■ **WORK INSTRUCTIONS**: Reproduce the lines of the listing exactly, beginning at the top, until the line with "Charming single story, 3" has been reproduced too.

====================

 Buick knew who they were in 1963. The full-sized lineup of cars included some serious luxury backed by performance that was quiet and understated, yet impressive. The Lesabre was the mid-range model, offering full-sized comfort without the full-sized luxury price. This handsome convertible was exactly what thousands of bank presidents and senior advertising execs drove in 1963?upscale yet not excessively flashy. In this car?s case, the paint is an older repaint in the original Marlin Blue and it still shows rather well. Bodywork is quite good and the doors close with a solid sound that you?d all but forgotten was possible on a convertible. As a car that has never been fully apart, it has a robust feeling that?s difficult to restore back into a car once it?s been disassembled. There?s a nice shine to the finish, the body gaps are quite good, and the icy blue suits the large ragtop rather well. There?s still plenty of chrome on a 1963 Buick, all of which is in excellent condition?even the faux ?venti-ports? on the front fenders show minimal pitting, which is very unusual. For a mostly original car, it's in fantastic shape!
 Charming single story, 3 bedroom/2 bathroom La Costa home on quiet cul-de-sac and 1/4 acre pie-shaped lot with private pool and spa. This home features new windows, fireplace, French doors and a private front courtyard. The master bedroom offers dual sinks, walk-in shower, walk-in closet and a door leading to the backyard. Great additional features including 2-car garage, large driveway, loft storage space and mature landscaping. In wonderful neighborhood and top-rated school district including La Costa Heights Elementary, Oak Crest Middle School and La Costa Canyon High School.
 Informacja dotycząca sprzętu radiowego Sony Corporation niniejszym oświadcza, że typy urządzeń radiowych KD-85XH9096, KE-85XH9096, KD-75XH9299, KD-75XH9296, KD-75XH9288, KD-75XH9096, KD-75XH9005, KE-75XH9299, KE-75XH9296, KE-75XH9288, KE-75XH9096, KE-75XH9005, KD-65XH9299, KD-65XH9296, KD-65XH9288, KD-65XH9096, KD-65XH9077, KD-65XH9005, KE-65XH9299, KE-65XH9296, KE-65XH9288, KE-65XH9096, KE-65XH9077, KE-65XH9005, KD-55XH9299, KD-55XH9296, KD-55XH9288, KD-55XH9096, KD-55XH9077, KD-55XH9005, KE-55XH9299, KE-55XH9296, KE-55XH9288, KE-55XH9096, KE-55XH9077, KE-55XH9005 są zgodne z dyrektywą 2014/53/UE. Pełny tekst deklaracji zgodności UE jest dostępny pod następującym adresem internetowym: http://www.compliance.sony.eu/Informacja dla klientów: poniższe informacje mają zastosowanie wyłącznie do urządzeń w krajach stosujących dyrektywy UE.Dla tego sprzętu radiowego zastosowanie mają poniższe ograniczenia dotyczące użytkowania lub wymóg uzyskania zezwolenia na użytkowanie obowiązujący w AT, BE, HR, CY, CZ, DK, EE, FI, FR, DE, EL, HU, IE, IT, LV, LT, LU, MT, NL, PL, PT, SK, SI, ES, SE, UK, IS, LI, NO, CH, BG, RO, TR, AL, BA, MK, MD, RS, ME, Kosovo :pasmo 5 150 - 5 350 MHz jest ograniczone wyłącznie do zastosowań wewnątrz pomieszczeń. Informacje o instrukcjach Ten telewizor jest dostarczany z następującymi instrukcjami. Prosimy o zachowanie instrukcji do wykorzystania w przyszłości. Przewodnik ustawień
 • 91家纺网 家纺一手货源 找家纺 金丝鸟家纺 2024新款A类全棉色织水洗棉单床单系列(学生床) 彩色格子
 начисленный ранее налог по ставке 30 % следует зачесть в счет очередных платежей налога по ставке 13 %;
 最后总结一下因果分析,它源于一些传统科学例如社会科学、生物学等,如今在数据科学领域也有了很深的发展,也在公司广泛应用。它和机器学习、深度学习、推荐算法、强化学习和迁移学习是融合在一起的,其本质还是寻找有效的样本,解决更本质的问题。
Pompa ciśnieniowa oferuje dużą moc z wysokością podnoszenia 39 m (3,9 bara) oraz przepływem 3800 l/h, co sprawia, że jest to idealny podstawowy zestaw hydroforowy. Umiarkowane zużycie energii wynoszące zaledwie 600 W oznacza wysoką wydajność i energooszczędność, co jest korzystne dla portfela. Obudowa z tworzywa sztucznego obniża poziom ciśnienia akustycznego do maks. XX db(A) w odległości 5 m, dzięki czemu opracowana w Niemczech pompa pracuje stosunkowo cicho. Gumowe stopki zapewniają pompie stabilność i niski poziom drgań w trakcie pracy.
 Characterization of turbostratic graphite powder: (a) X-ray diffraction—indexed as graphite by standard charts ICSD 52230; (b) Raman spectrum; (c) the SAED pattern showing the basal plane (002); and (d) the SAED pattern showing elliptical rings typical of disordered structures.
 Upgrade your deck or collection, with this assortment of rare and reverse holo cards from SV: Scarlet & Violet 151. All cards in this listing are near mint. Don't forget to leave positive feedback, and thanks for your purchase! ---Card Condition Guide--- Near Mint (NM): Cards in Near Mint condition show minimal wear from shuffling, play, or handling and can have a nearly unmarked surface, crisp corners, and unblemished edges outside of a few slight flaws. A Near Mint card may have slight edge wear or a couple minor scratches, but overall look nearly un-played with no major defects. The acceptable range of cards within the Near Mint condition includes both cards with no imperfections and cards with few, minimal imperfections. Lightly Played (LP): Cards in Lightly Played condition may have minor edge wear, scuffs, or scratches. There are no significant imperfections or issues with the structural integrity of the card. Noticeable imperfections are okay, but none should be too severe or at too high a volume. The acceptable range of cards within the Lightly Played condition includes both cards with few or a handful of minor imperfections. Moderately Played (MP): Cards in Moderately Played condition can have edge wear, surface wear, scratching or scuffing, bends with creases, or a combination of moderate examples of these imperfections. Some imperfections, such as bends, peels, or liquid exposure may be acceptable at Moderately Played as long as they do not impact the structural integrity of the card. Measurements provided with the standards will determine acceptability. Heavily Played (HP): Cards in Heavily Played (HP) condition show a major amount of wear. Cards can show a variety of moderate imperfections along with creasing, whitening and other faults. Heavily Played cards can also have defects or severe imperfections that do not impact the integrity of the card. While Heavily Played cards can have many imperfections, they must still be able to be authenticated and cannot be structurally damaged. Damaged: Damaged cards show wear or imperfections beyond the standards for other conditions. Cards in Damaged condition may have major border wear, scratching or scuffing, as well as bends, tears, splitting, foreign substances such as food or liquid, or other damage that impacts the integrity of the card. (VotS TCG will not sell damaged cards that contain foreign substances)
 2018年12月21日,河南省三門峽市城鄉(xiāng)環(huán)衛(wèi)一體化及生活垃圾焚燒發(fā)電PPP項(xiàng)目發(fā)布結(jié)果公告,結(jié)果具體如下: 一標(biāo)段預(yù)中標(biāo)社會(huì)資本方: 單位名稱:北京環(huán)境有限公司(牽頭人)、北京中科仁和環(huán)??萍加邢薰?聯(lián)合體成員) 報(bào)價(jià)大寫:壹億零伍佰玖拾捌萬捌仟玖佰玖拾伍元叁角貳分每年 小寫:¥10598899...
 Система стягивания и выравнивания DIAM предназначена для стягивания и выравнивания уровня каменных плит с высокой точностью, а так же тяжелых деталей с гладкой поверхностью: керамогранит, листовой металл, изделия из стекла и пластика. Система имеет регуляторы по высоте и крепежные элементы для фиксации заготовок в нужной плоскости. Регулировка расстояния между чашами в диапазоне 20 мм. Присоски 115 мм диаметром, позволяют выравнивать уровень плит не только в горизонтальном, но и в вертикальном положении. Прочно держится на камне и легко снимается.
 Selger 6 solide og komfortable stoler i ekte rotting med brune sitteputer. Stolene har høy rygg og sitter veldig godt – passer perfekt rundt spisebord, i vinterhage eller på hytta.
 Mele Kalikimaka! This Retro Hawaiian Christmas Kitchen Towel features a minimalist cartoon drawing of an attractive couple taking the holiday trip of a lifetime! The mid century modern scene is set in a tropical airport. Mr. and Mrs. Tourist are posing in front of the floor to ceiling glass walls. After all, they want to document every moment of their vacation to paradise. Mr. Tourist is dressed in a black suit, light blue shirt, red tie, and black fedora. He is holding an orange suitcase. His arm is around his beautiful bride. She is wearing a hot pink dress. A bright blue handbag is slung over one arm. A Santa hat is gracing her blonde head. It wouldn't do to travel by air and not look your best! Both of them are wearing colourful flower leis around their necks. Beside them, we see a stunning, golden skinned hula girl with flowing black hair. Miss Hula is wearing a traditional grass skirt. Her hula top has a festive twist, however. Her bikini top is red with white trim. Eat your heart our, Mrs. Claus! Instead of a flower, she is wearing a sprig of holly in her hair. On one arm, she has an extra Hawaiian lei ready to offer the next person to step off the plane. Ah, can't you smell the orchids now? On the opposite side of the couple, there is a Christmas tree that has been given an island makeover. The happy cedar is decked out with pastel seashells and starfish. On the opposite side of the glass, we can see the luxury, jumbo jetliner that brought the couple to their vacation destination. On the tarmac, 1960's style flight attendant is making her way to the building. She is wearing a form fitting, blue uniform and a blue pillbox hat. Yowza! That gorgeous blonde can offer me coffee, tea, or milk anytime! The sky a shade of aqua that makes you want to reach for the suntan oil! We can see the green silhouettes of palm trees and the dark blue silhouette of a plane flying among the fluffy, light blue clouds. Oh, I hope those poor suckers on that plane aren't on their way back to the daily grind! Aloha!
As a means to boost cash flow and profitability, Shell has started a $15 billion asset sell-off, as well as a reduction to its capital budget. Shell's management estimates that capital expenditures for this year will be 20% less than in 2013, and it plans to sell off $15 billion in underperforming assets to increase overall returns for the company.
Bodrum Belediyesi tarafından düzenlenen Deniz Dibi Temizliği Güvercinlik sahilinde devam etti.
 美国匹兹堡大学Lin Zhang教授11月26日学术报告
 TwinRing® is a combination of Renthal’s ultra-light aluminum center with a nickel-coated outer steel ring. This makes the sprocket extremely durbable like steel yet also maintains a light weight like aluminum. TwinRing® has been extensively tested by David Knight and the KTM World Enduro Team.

====================

■ **WRITTEN RESPONSE**:
 Buick knew who they were in 1963. The full-sized lineup of cars included some serious luxury backed by performance that was quiet and understated, yet impressive. The Lesabre was the mid-range model, offering full-sized comfort without the full-sized luxury price. This handsome convertible was exactly what thousands of bank presidents and senior advertising execs drove in 1963?upscale yet not excessively flashy. In this car?s case, the paint is an older repaint in the original Marlin Blue and it still shows rather well. Bodywork is quite good and the doors close with a solid sound that you?d all but forgotten was possible on a convertible. As a car that has never been fully apart, it has a robust feeling that?s difficult to restore back into a car once it?s been disassembled. There?s a nice shine to the finish, the body gaps are quite good, and the icy blue suits the large ragtop rather well. There?s still plenty of chrome on a 1963 Buick, all of which is in excellent condition?even the faux ?venti-ports? on the front fenders show minimal pitting, which is very unusual. For a mostly original car, it's in fantastic shape!
 Charming single story, 3 bedroom/2 bathroom La Costa home on quiet cul-de-sac and 1/4 acre pie-shaped lot with private pool and spa. This home features new windows, fireplace, French doors and a private front courtyard. The master bedroom offers dual sinks, walk-in shower, walk-in closet and a door leading to the backyard. Great additional features including 2-car garage, large driveway, loft storage space and mature landscaping. In wonderful neighborhood and top-rated school district including La Costa Heights Elementary, Oak Crest Middle School and La Costa Canyon High School.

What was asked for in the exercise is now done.